If I want to make an interesting and satisfying raw meal, it takes me a good 30-45 minutes. If I just want to satisfy my hunger quickly, I can whip up a green smoothie in a few minutes or just down a bunch of bananas. If I favor the efficiency side, I won’t go hungry, but I’ll end up eating virtually the same thing day after day. That gets monotonous really fast and seems to magnify cravings for something different. But if I strive for varied and interesting dishes, I spend at least an extra hour per day in the kitchen, which really irks the “do it now” part of my psyche.
On a cooked food diet, I didn’t have this conflict, since most of my favorite dishes were very simple to make. One of my favorite meals was a bowl of brown rice with a tablespoon of sesame seeds. It takes a while to cook, but I can do other things while the rice is steaming. Unfortunately all these raw fruits and veggies don’t clean, peel, and chop themselves. Produce is ornery that way. I could enslave someone to do that work for me, but that seems a rather cumbersome way of feeding myself.
The social issue is also beginning to wear on me a little. I don’t eat out much, so that isn’t a big deal, but I can’t really eat with my family at home. With the three of them being on a cooked vegan diet, it’s hard for me to sit with them while they’re eating. It’s not a self-discipline issue per se. It would take a force of nature to get me to eat something cooked before day 31. But I find the sights and smells of cooked food confusing to my senses while I’m eating all raw. For some reason it greatly disturbs me.
This experiment has raised my awareness of something else as well. There’s a part of me that’s questioning whether I’m taking the notion of optimizing my diet too far. Health is obviously more than just food intake, and I’m concerned I’m giving too much of my power to something outside myself. Is it possible I’m somehow creating a more and more restrictive diet for myself as part of a process of discovering a more important lesson? That would be congruent with the subjective reality interpretation of this experiment. One way to grow is to honor your expectations, which is basically what I’m doing with this experiment. But another way to grow is to change your expectations. When it comes to diet, I’ve always used the former approach, but I’m starting to get curious about what would happen if I began testing the latter approach.

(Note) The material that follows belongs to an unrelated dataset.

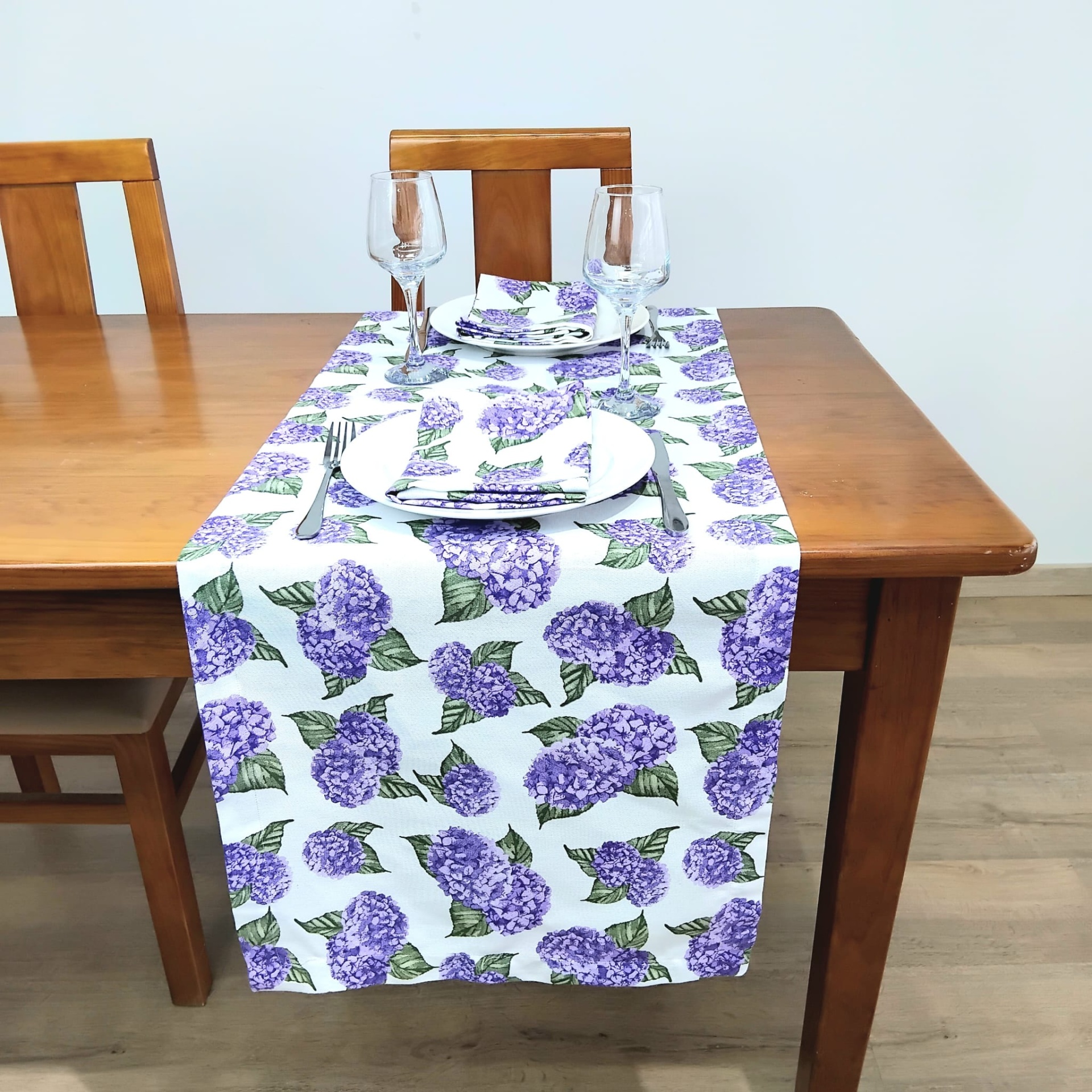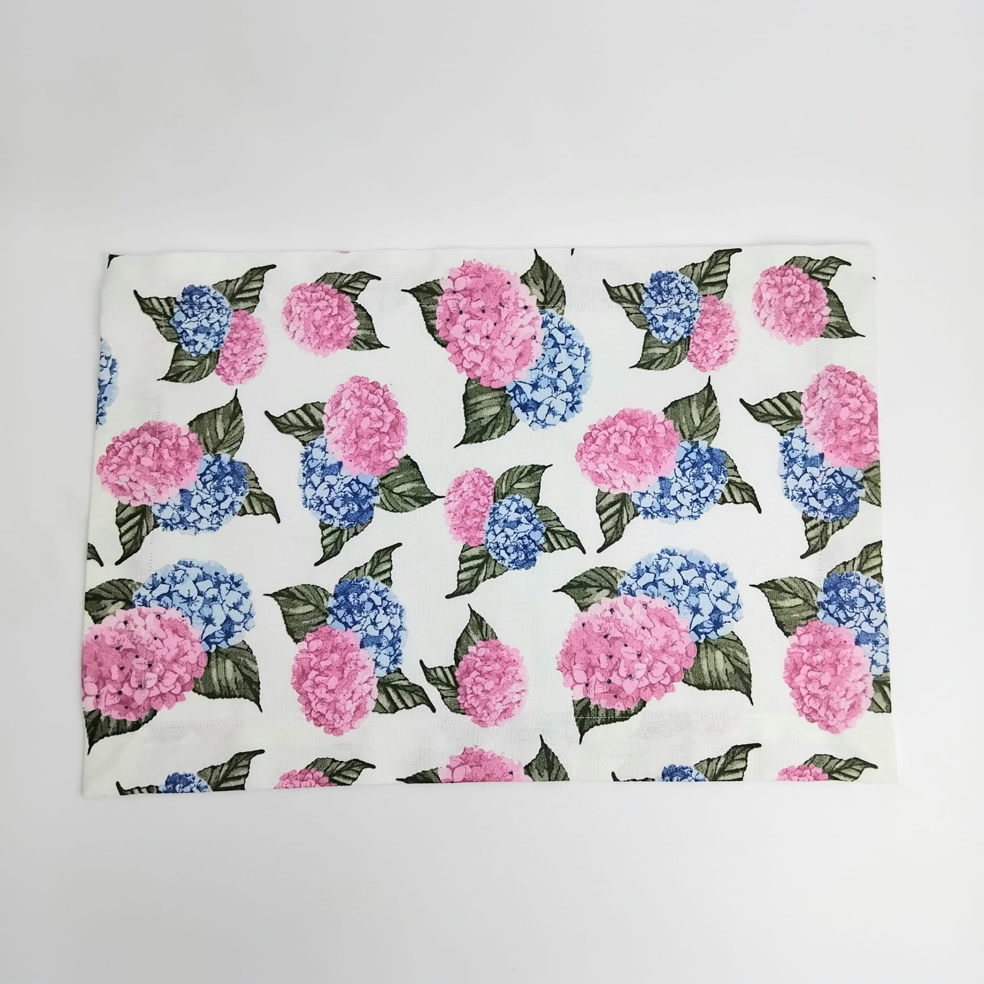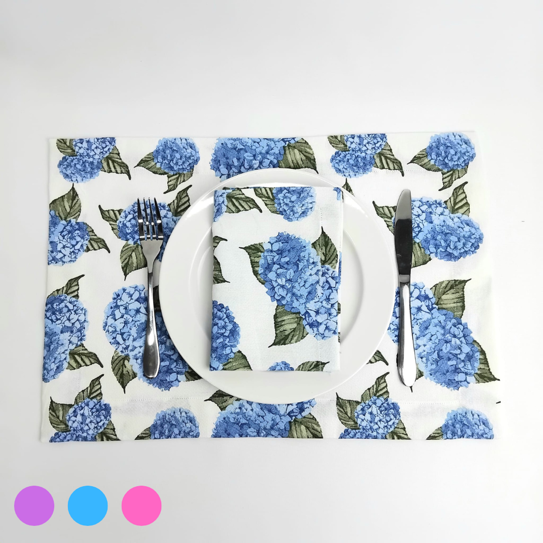 Individual de mesa, guardanapo e caminho de mesa em algodão com estampado de flores, hortênsias.  Disponivel em várias cores.

I can’t recall the source, but I remember reading an eyewitness story about a yogi (at least I think it was a yogi) who swallowed a whole bunch of mind-altering pills that would have normally been fatal — or at least caused a severe reaction — and they apparently had no effect on him whatsoever. He did it intentionally too, probably as a demonstration that he was in control of the effect of whatever he ingested. I don’t know if that story is true, but the very notion is a challenging one to consider. Is it possible that the best way of eating is to stop assuming that food has any power over us except that which we give it via our beliefs?
I hope that doesn’t come off like I’m lamely trying to justify a return to cooked food. I’m just sharing the honest realizations I’m having along the way. Make of it what you will.